0. Executive Summary

Enable users to connect their own databases as first-class Knowledge Sources and query them via natural language using schema-driven text-to-SQL. Data remains in-place (no ingestion). The system introspects schema metadata, applies strict SQL validation (SELECT-only, LIMIT/timeout, allowlist), executes queries against the user’s database using stored credentials, and returns structured results with basic visualizations. Agents can combine DB answers with Documents (RAG) and Code (CodeGraph) to produce unified insights.


1. Goals & Non-Goals

Goals

  1. Add Database as a Knowledge Source type with in-place querying (no copying data).

  2. Introspect and persist schema metadata (tables, columns, types, PK/FK, samples, counts).

  3. Generate safe SQL from NL using LLM + schema + optional semantic layer.

  4. Enforce safety: SELECT-only, LIMIT (default 1000), execution timeout (default 30s), table/column allowlist.

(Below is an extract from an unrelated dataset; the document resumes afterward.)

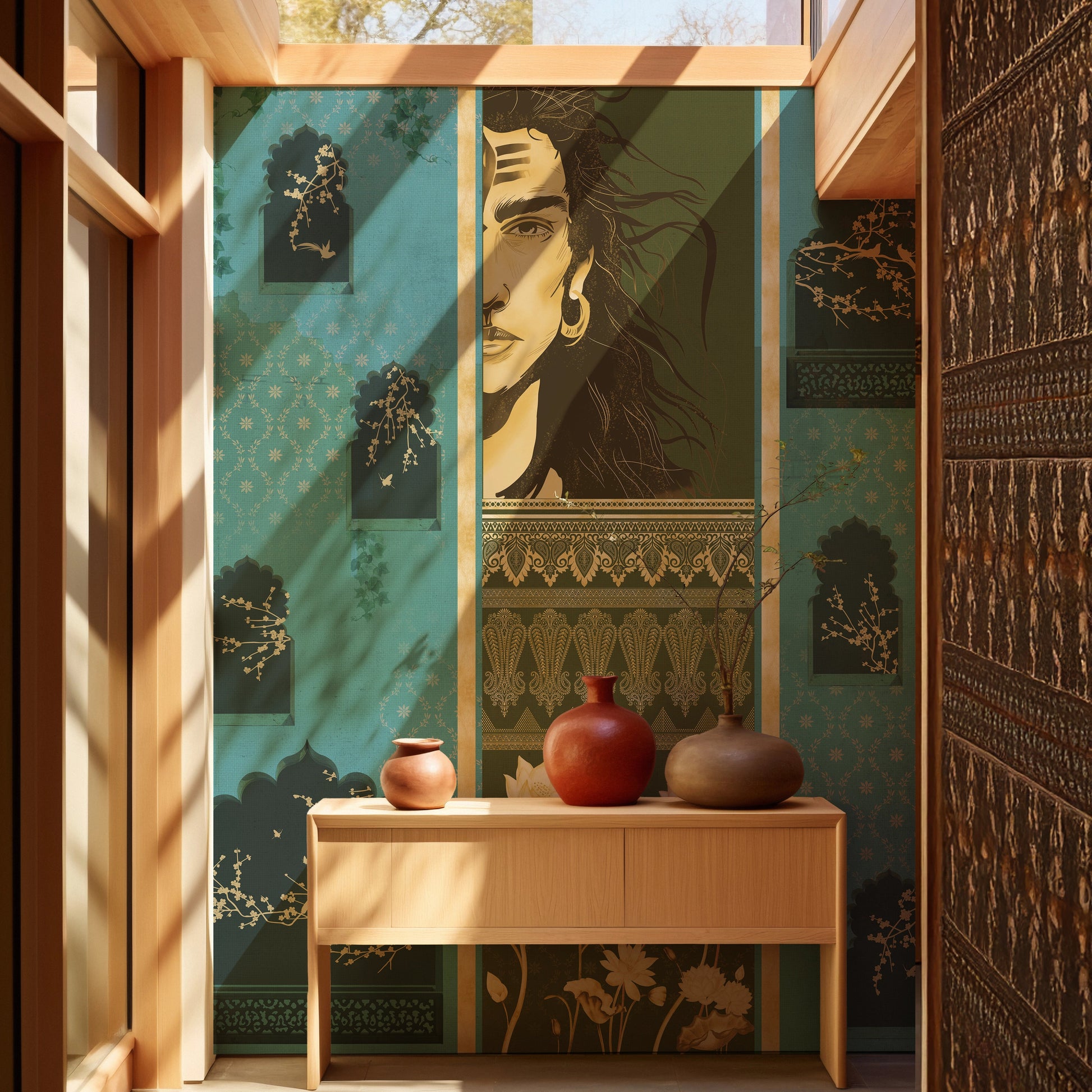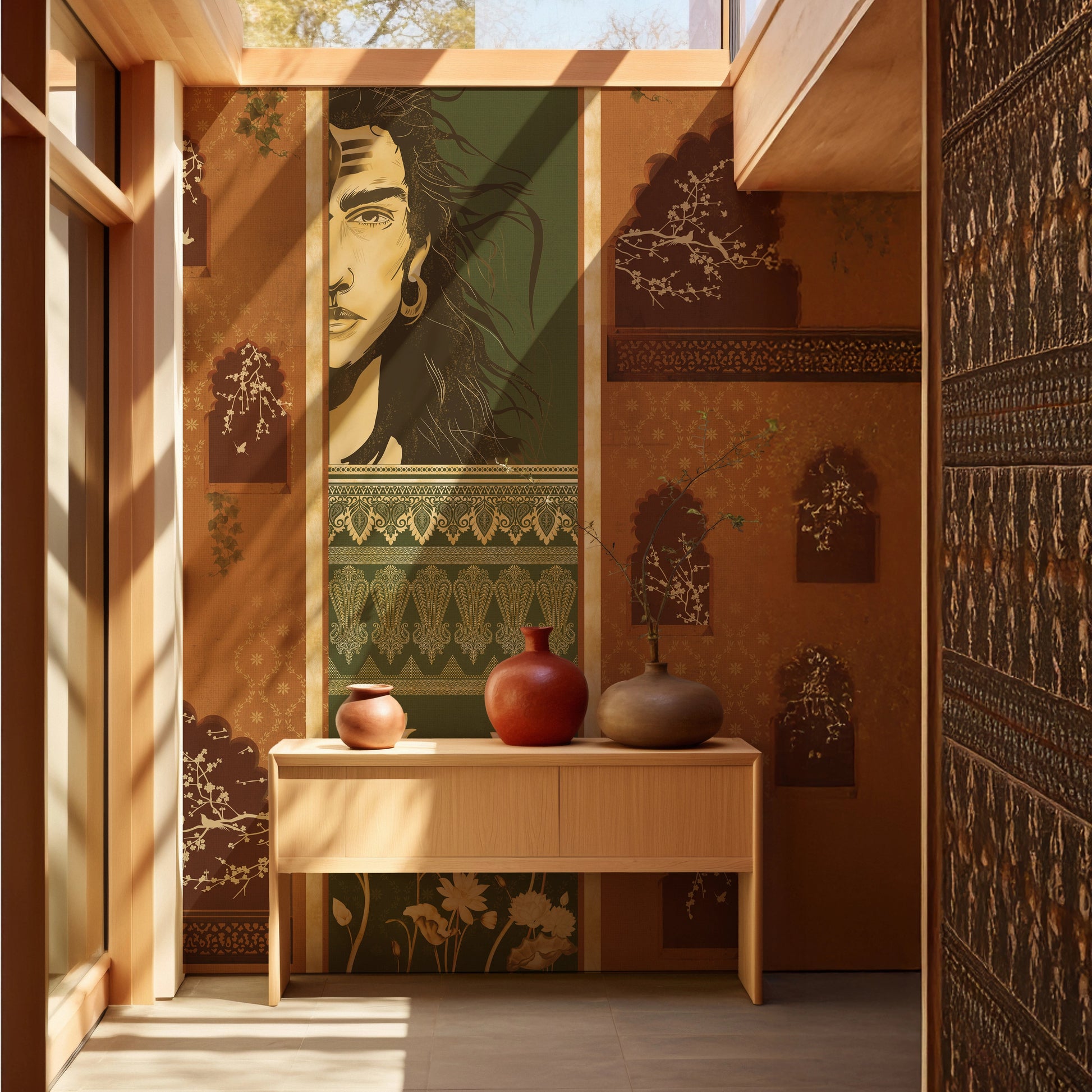 Modern Entryway wallpaper reimagines Banaras patterns with a sleek, minimal touch. Perfect for transitional spaces, it fuses heritage detailing with a modern aesthetic, creating a warm, welcoming ambiance.
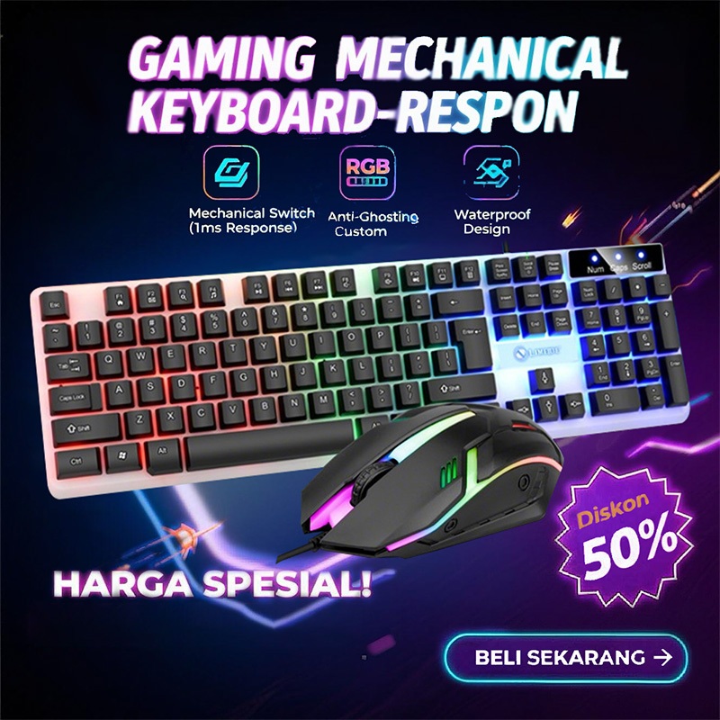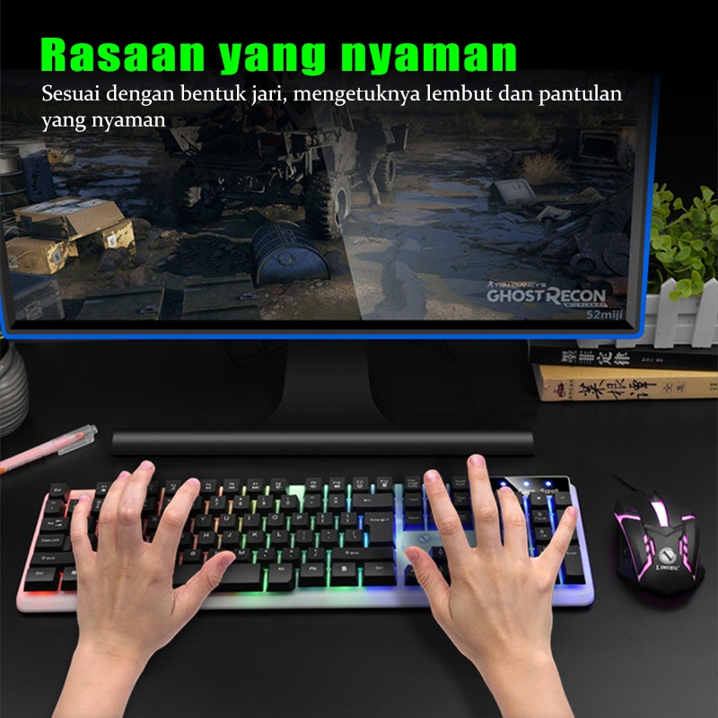 Keyboard Mouse 1 Set Gaming RGB Wired Grip Anti Keringat

  5. Provide UI to add sources (Knowledge Base), run queries and chart results (Context Engineering).

  6. Expose per-source and generic agent tools (query_database) for workflows and agents.

  7. Audit all queries (who/when/source/SQL/rows/duration/success/error). Multi-tenant safe by design.

Non-Goals (MVP)

  • ETL or full data sync of SaaS sources (future).

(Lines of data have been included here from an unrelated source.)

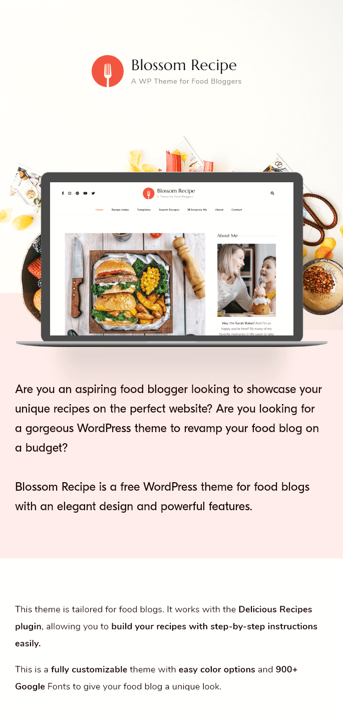 Blossom Recipe is a free WordPress theme for food blogs with an elegant design and powerful features.
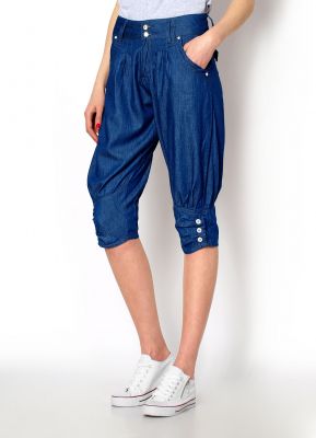 Spodnie jeansowe do kolan, zapinane na zamek i dwa guziki. Wsuwane kieszenie z przodu, imitacja kieszeni z tyłu. Nogawki z mankietami zapinanymi na guziki. Idealne do każdej stylizacji.Materiał: 90% bawełna, 10% włókno poliestrowe. Modelka: wzrost 175 cm, na co dzień nosi S/M, rozmiar z prezentacji produktu 26.
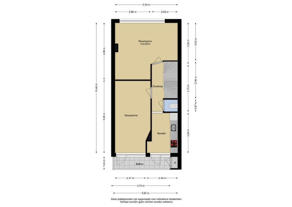 De woningentree is op de begane grond: trap naar overloop eerste etage; de woonkamer bevindt zich aan de voorzijde. Er is een moderne half open keuken met inbouwapparatuur waaronder een elektrische kookplaat, afzuigkap, combi oven/magnetron, koel/vriescombinatie, vaatwasser met toegang tot het balkon over de volle breedte met balkonkast; riante aan de achterzijde gelegen slaapkamer ( eenvoudig bij de woonkamer te trekken) met toegang tot het balkon dat op het zuid-westen is georiënteerd; toilet.
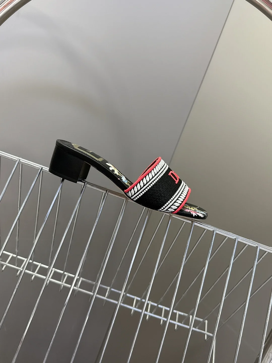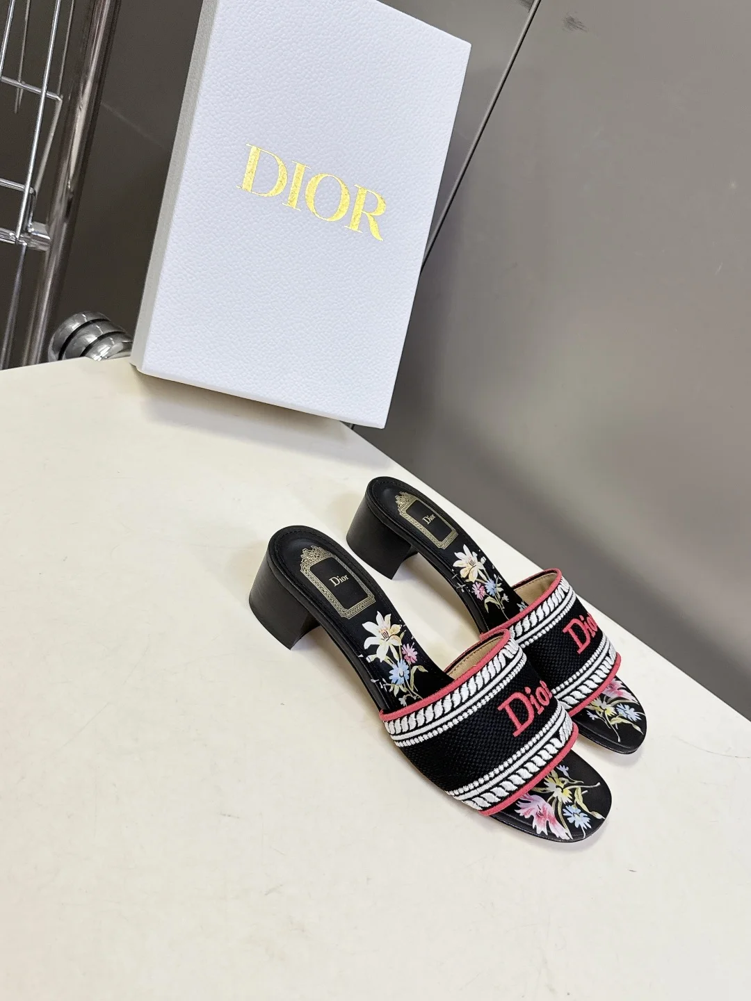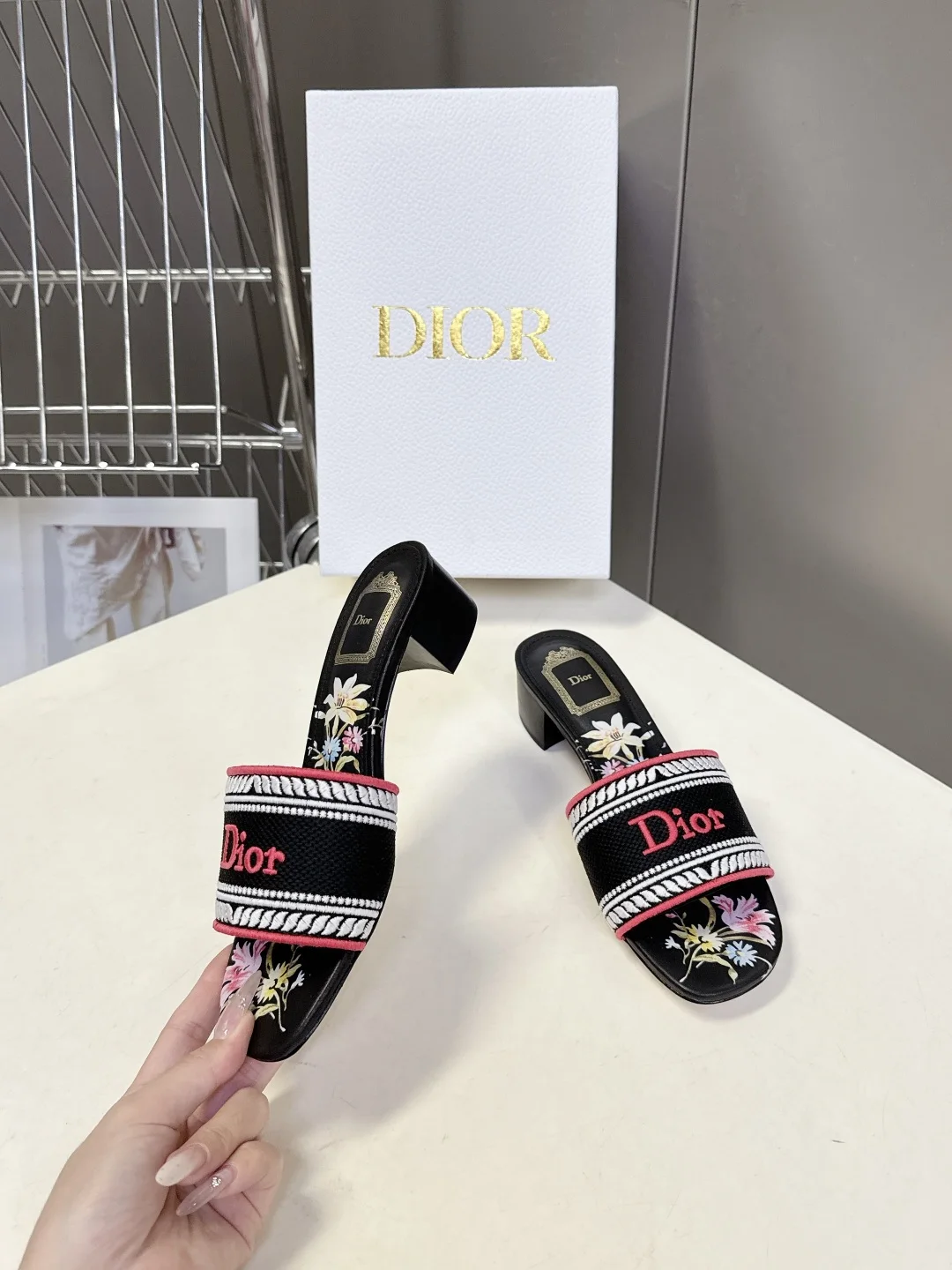 Dior Spring and summer latest embroidered chunky heel slide sandals for women.

  • Complex BI (pivoting, dashboarding beyond basic charts).

  • Complex governance/versioning for semantic layer (MVP supports simple JSON definitions + validation).


2. User Stories

  • As a Product Analyst, I can connect our production Postgres and ask “Top 10 products by revenue last month” and get a table and bar chart.

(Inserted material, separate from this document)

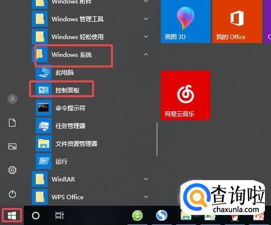 首先,我们点击左下角的微软按钮,弹出的界面,我们找到windows系统,点击打开它,然后我们点击控制面板;
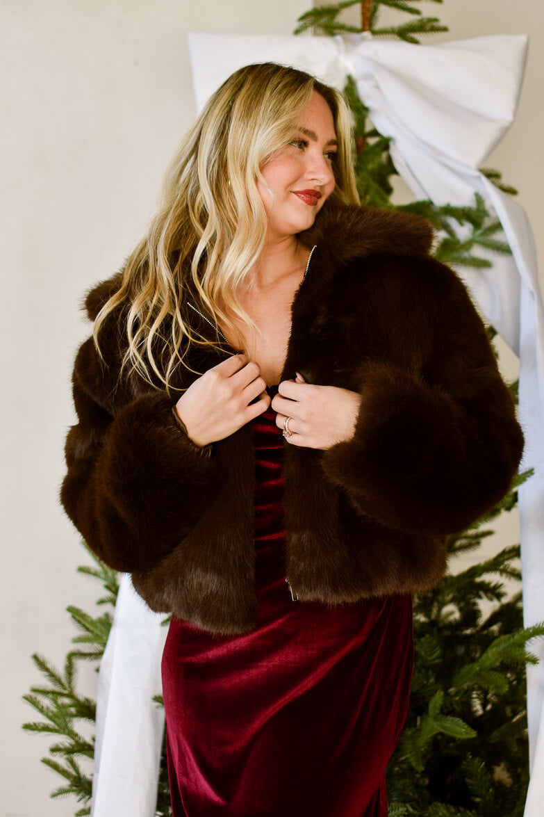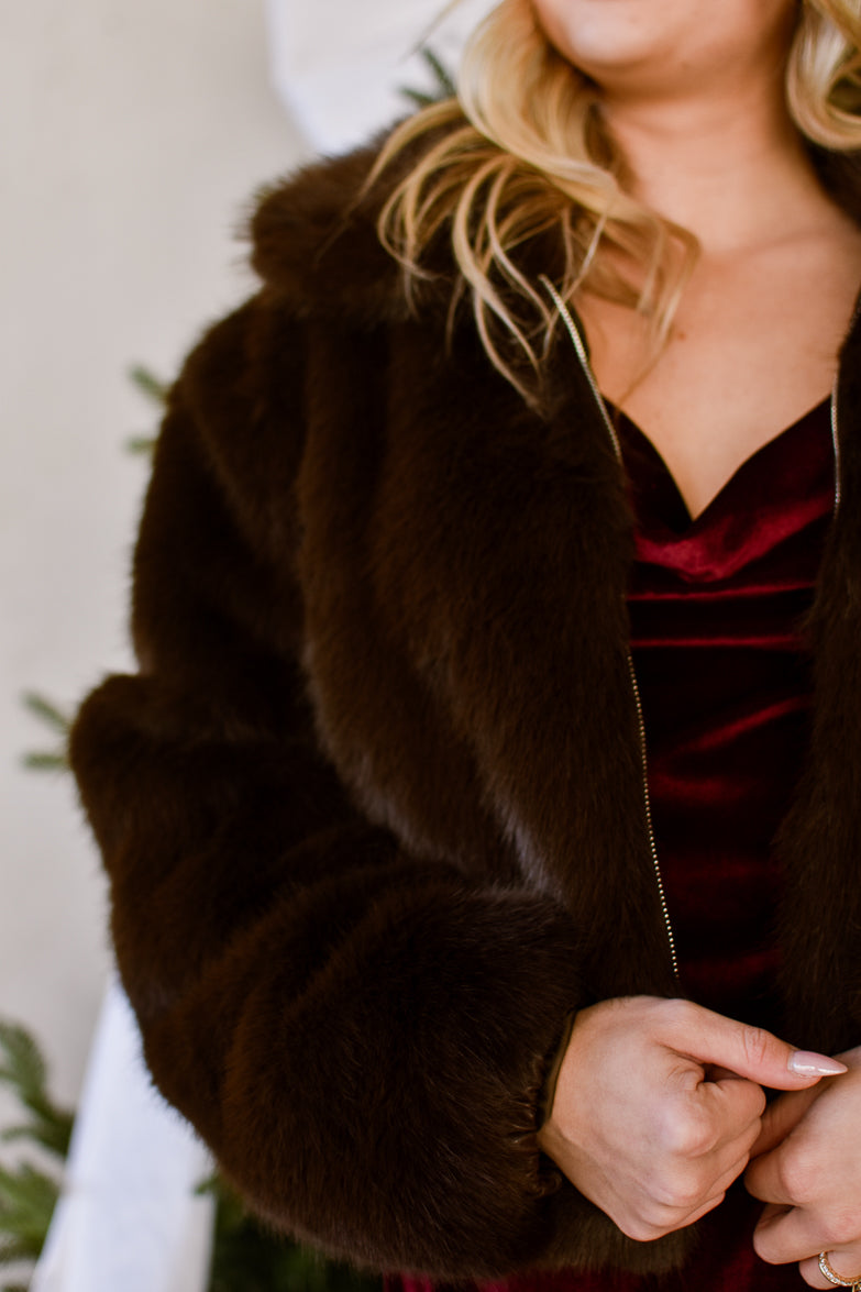 Soft and fluffy - just in time for the colder months! Just because you have to get out of bed doesn't mean you can't be cozy and cool. The Nia Faux Fur Bomber jacket features the most plush mocha faux fur. Elastic waist and wristbands. Front zipper closure. Pockets. Lined. We're wearing this on all of our holiday travels!

  • As a RevOps user, I can define business metrics (total_revenue, active_customers) and reuse them across questions to standardize results.

  • As an Agent, I can decide when to use DB vs Documents vs Code and synthesize a single answer.

  • As a Security Admin, I see an audit log of all DB queries executed (user, time, SQL, row count, success) and confirm SELECT-only.


3. Architecture

3.1 High-Level Flow

3.2 Components

  • Backend Services:

    • DatabaseIntrospectionService: connects via credential, introspects schema, samples, relationships, row counts.

    • TextToSQLService: builds LLM prompt from schema + semantic layer (optional); parses/validates SQL; executes.

    • SQLValidator: SELECT-only enforcement, LIMIT injection, timeout, allowlist by introspected schema.

  • Data Models:

    • database_knowledge_sources(id, tenant_id, name, credential_id, schema_metadata JSONB, semantic_layer JSONB, stats JSONB, last_introspected TIMESTAMP, created_at, updated_at)

    • database_query_audit(id, tenant_id, source_id, user_id, sql, duration_ms, row_count, success, error, created_at)

  • Frontend:

    • Knowledge Base: Add Database Source (wizard), Source Detail (schema preview, quick query, audit tab).

    • Context Engineering: Query editor, result table, basic charts (table, bar, line), save/export (CSV), add-to-context.

  • Agent Tools:

    • Per-source tool: query_{source_slug}(question) auto-created.

    • Generic tool: query_database(source_id, question).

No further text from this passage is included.